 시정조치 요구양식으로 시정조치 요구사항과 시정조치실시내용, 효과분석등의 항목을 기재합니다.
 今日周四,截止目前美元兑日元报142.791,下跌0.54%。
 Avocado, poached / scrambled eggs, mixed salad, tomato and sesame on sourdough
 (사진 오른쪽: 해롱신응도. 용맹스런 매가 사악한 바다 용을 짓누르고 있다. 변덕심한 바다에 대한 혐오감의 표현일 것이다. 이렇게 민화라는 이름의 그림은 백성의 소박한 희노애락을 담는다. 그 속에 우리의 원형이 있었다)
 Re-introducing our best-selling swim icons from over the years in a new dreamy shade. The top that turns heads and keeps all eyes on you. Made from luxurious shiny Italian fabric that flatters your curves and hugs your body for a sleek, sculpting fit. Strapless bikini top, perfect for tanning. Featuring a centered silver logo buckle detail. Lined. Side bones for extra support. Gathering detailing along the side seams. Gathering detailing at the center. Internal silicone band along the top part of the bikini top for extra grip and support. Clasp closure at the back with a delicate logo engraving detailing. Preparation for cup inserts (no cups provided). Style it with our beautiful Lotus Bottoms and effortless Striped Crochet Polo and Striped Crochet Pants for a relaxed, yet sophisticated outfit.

..............................

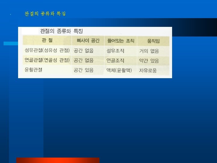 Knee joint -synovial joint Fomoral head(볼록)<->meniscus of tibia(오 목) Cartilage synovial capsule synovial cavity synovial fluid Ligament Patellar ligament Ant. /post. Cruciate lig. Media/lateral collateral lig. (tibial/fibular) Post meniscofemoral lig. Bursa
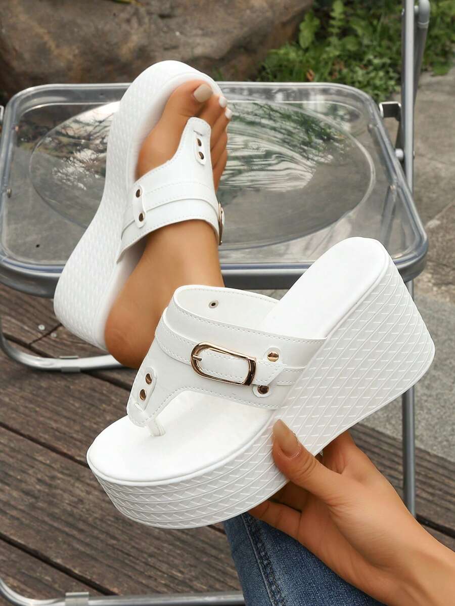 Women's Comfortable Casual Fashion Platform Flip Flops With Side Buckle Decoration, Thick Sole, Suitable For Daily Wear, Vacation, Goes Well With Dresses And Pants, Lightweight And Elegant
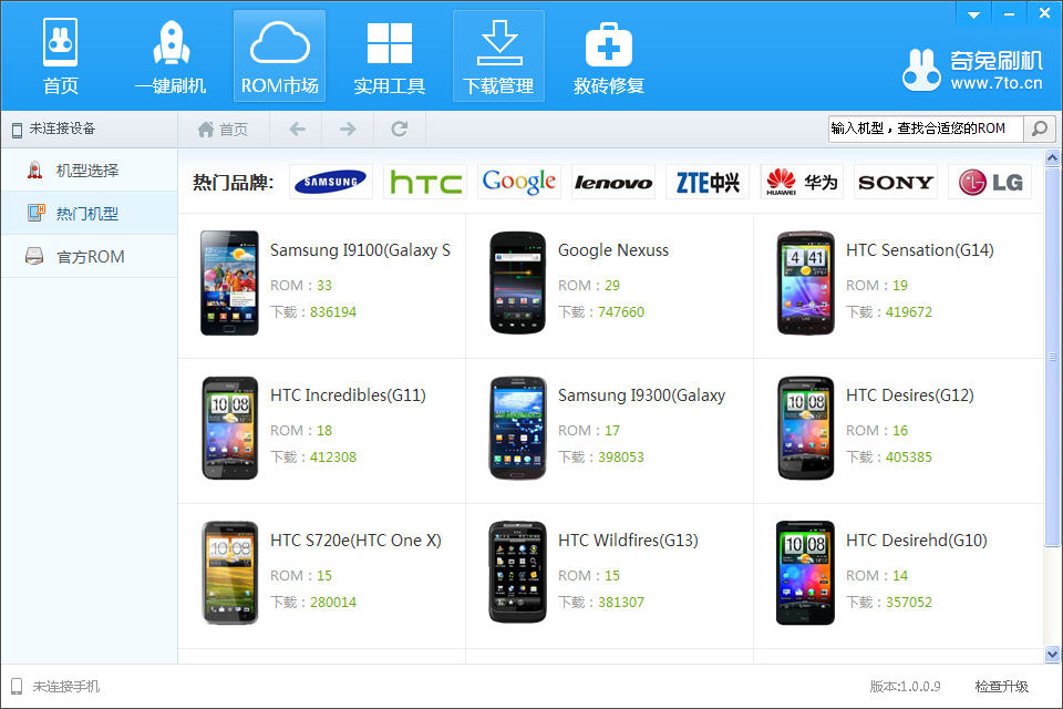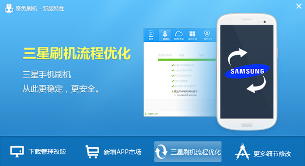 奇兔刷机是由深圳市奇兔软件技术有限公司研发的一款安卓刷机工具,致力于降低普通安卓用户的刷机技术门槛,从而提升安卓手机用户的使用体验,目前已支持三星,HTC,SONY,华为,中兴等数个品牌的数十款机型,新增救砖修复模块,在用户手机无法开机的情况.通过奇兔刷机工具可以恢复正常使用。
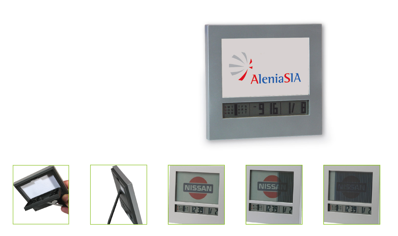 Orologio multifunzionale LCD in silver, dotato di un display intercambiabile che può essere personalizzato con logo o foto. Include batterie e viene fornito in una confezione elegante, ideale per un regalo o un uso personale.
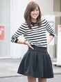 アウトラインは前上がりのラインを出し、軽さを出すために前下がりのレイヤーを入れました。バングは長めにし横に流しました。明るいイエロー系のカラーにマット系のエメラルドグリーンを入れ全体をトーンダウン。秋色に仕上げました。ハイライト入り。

..............................

# WORK INSTRUCTIONS:
Retype exactly the span of lines from the one with "시정조치 요구양식으로 시정조치" through the one with "Avocado, poached /"; include both ends and omit the rest of the material.

# COMPLETED EXERCISE:
 시정조치 요구양식으로 시정조치 요구사항과 시정조치실시내용, 효과분석등의 항목을 기재합니다.
 今日周四,截止目前美元兑日元报142.791,下跌0.54%。
 Avocado, poached / scrambled eggs, mixed salad, tomato and sesame on sourdough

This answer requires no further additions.